Serangan itu terjadi ketika negosiator internasional bekerja untuk membantu gencatan senjata di Gaza dan mengamankan pembebasan sandera yang ditahan di wilayah tersebut. Pembicaraan itu terhenti karena perselisihan mengenai detailnya, dengan seorang pejabat senior Hamas mengatakan Rabu bahwa kelompok itu tidak memiliki 40 sandera yang hidup yang memenuhi kriteria pertukaran dalam proposal yang sedang dibahas.
Meskipun Mr. Haniyeh adalah salah satu pejabat senior Hamas, analis mengatakan bahwa putra-putranya kurang penting dalam operasi tersebut – dan bahwa pembunuhan mereka tampaknya lebih ditujukan untuk mengirim pesan kepada pimpinan kelompok tersebut dalam negosiasi gencatan senjata.
“Tidak biasa jika nama putranya disebut ketika Anda berbicara tentang senioritas di Hamas, baik itu di sayap politik maupun militer,” kata Tahani Mustafa, seorang analis senior di International Crisis Group, sebuah lembaga pemikir.
Ms. Mustafa mengatakan bahwa waktu serangan membuatnya tampak seperti upaya untuk merusak pembicaraan.
Namun Bilal Saab, seorang rekan dalam program Timur Tengah dan Afrika Utara di Chatham House, mengatakan serangan tersebut mungkin dimaksudkan untuk menenangkan audiens domestik setelah enam bulan perang, atau memberikan Israel keunggulan dalam pembicaraan.
“Ini adalah kemenangan politik bagi Israel lebih dari pada hal lain,” kata Mr. Saab, menambahkan: “Ini adalah pukulan yang dimaksudkan untuk menekan Hamas agar membuat konsesi dalam negosiasi sandera.”
Mr. Haniyeh mengatakan Rabu bahwa Israel “berkhayal jika berpikir bahwa dengan membunuh anak-anak saya, kami akan mengubah posisi kami” dalam negosiasi.
Pertempuran aktif di Gaza telah menurun ke titik terendahnya sejak November. Israel menarik pasukan dari selatan Gaza akhir pekan lalu, namun mengatakan militer akan tetap berada di bagian lain Gaza untuk menjaga “kebebasan tindakan dan kemampuan untuk melaksanakan operasi berbasis intelijen yang tepat.”
Penekanan militer pada keakuratan datang ketika kritik internasional terhadap perang di Gaza semakin meningkat atas meningkatnya jumlah kematian warga Palestina dan peringatan kelaparan.

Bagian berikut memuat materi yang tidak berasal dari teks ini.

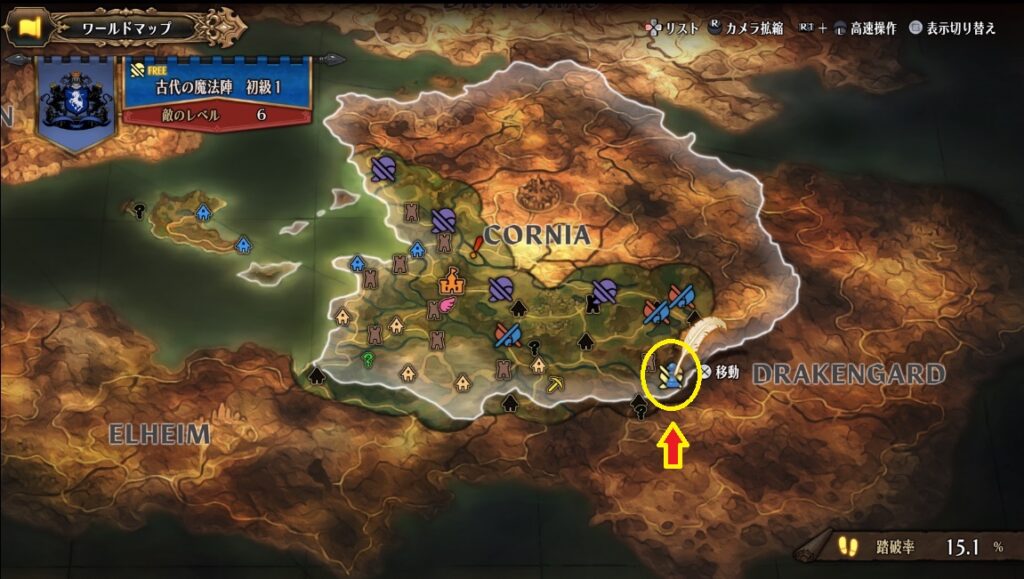 最初に訪れることになるであろう魔法陣はコルニアの南東方面です。
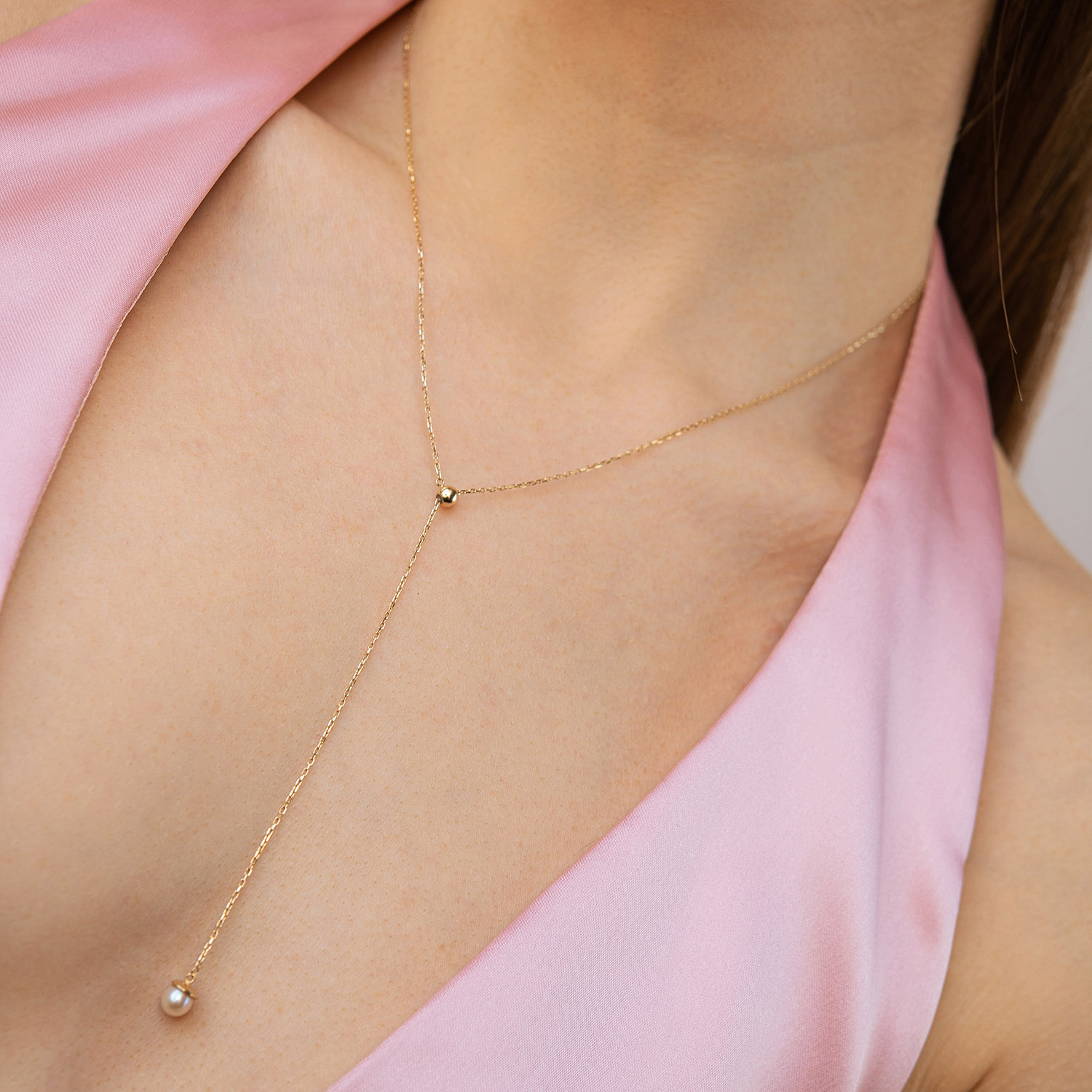 Кольє - краватка "Перлина на ланцюжку" в жовтому золоті (регульована довжина) кол02635
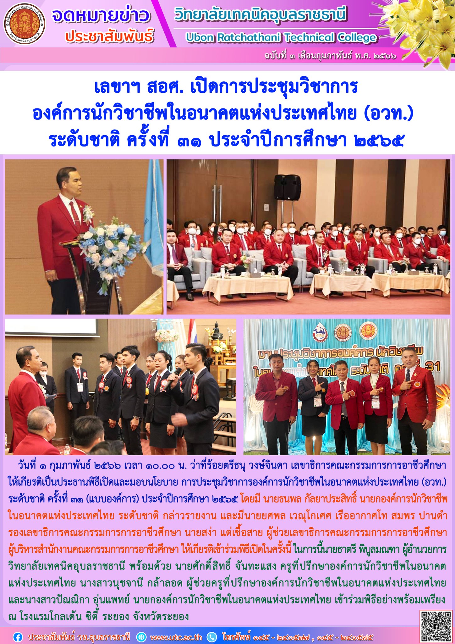 วันที่ ๑ กุมภาพันธ์ ๒๕๖๖เวลา ๑๐.๐๐ น. ว่าที่ร้อยตรีธนุ วงษ์จินดา เลขาธิการคณะกรรมการกาอาชีวศึกษา ให้เกียรติเป็นประธานพิธีเปิดและมอบนโยบาย การประชุมวิชาการองค์การนักวิชาชีพในอนาคตแห่งประเทศไทย (อวท.) ระดับชาติ ครั้งที่ ๓๑ (แบบองค์การ) ประจำปีการศึกษา ๒๕๖๕ โดยมี นายธนพล กัลยาประสิทธิ์ นายกองค์การนักวิชาชีพในอนาคตแห่งประเทศไทย ระดับชาติ กล่าวรายงาน และมีนายยศพล เวณุโกเศศ เรืออากาศโท สมพร ปานดำ รองเลขาธิการคณะกรรมการการอาชีวศึกษา นายสง่า แต่เชื้อสาย ผู้ช่วยเลขาธิการคณะกรรมการการอาชีวศึกษา ผู้บริหารสำนักงานคณะกรรมการการอาชีวศึกษา ให้เกียรติเข้าร่วมพิธีเปิดในครั้งนี้ ในการนี้นายธาตรี พิบูลมณฑา ผู้อำนวยการวิทยาลัยเทคนิคอุบลราชธานี พร้อมด้วย นายศักดิ์สิทธิ์ จันทะแสง ครูที่ปรึกษาองค์การนักวิชาชีพในอนาคตแห่งประเทศไทย นางสาวนุชจานี กล้าลอด ผู้ช่วยครูที่ปรึกษาองค์การนักวิชาชีพในอนาคตแห่งประเทศไทย และนางสาวปัณณิกา อุ่นแพทย์ นายกองค์การนักวิชาชีพในอนาคตแห่งประเทศไทย เข้าร่วมพิธีอย่างพร้อมเพรียง ณ โรงแรมโกลเด้น ซิตี้ ระยอง จังหวัดระยอง
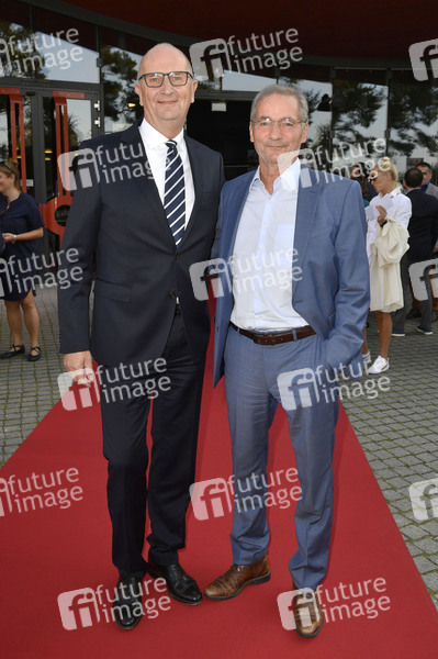 Dietmar Woidke und Matthias Platzeck bei der Eröffnung des 27. Jüdischen Filmfestivals Berlin & Brandenburg im Hans Otto Theater. Potsdam, 12.08.2021
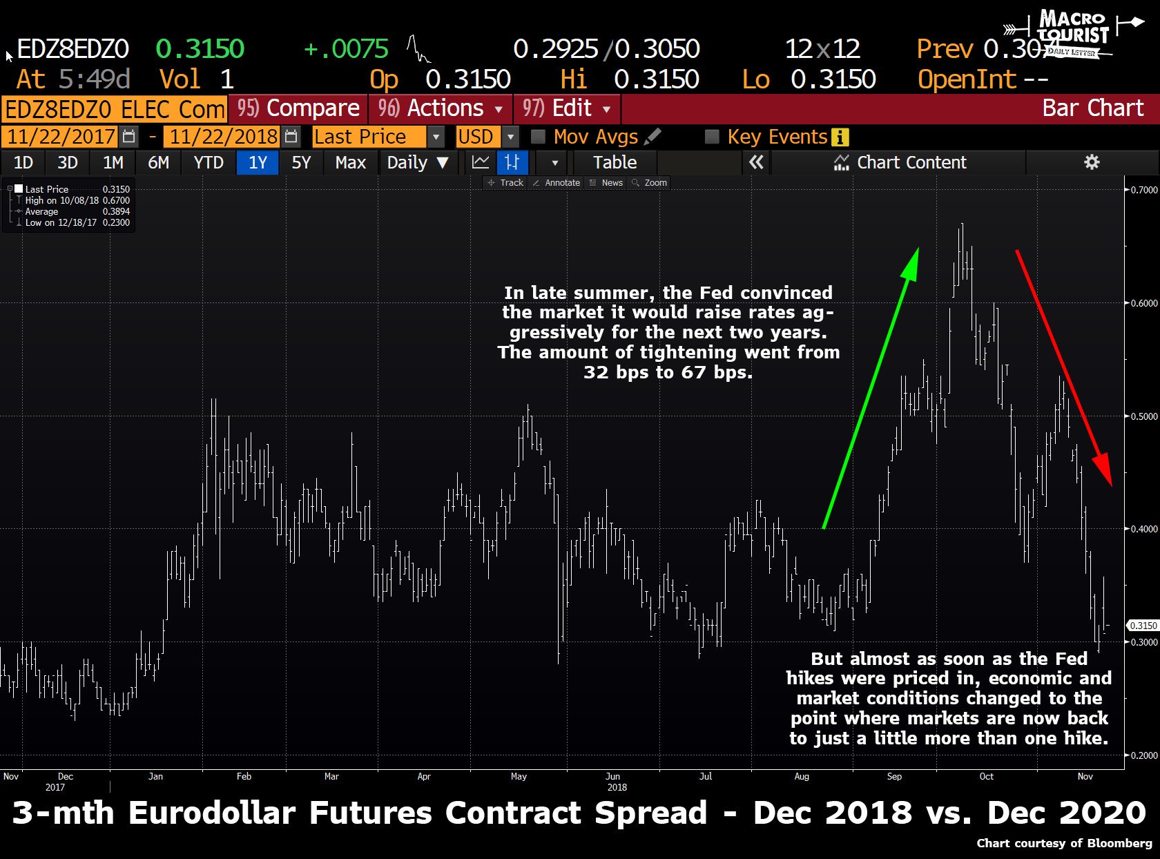 Let’s look at the 3-month Eurodollar futures contract spread between December 2018 and December 2020. Although Eurodollar interest rate futures do not track fed funds perfectly, they are close enough for our purpose. This spread represents the total amount of rate rises between December 2018 and two years later.
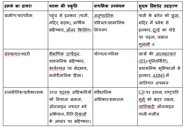 जातिगत हिंसा के विश्लेषण में इसके बढ़ते और अलग-अलग रूपों को पहचानना जरूरी है। हमले अब सिर्फ दूरदराज के ग्रामीण इलाकों तक ही सीमित नहीं हैं, बल्कि ये जगह और संस्थानों की ऊंची सीढ़ी पर पहुंच गए हैं, स्थानीय रीति-रिवाजों पर नियंत्रण से लेकर शहरी संस्थानों में जटिल मनोवैज्ञानिक नियंत्रण तक और आखिरकार देश के सर्वोच्च संवैधानिक पदों के साथ खुले राजनीतिक और वैचारिक टकराव तक पहुंच गए हैं।
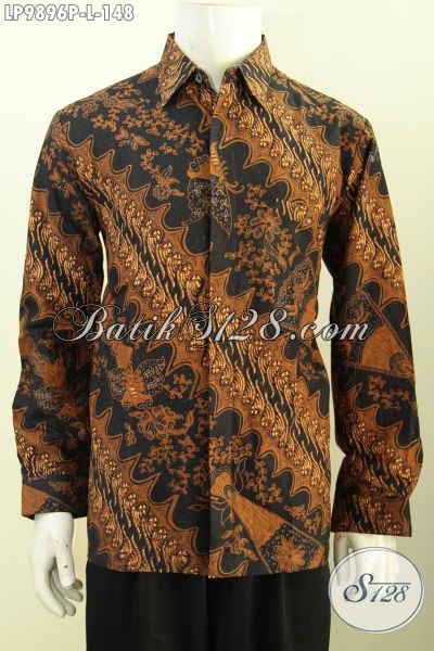 Baju Batik Modern Pria Motif Klasik Model Lengan Panjang, Kemeja Batik ELegan Khas Jawa Tengah Untuk Acara Resmi Tampil Istimewa [LP9896P-L]
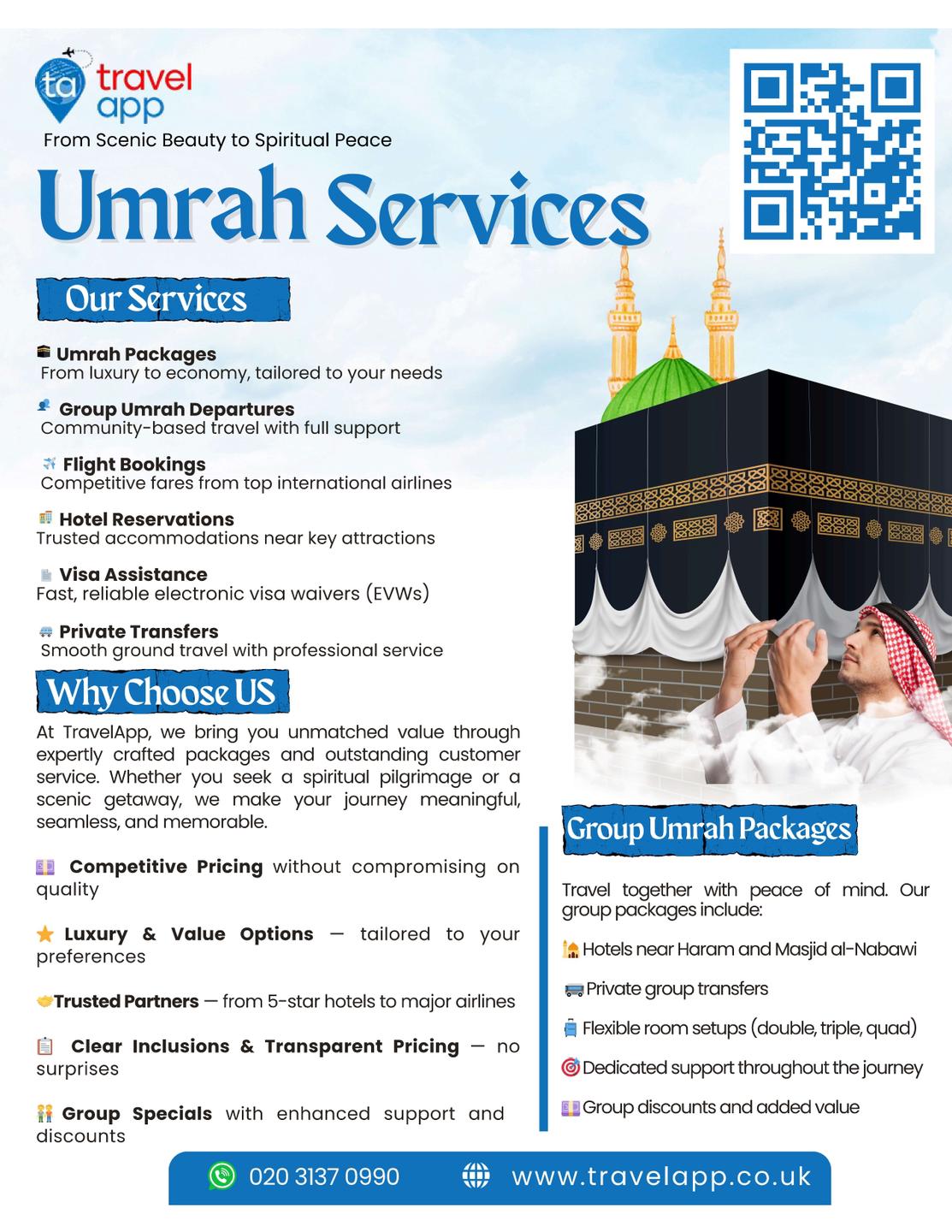Travelapp is a premier UK-based travel agency, proudly opening on Elm Street in Burnley, dedicated to making travel simpler, smarter, and stress-free. From affordable flights and luxury hotels to bespoke holiday packages and spiritual journeys, including expertly curated Umrah packages, Travelapp brings the world within your reach.

Perdana Menteri Israel Benjamin Netanyahu mengatakan bahwa tanggal telah ditetapkan untuk invasi darat Rafah di selatan Gaza, sebuah operasi yang pejabat AS telah memperingatkan akan menjadi bencana bagi warga sipil. Beberapa analis telah menyarankan bahwa ancamannya hanyalah kebohongan atau upaya untuk mendapatkan keunggulan dalam negosiasi gencatan senjata.
Pemerintahan Biden telah mendesak Mr. Netanyahu untuk menunda rencana invasi dan fokus pada “pendekatan alternatif yang akan menargetkan elemen kunci Hamas.”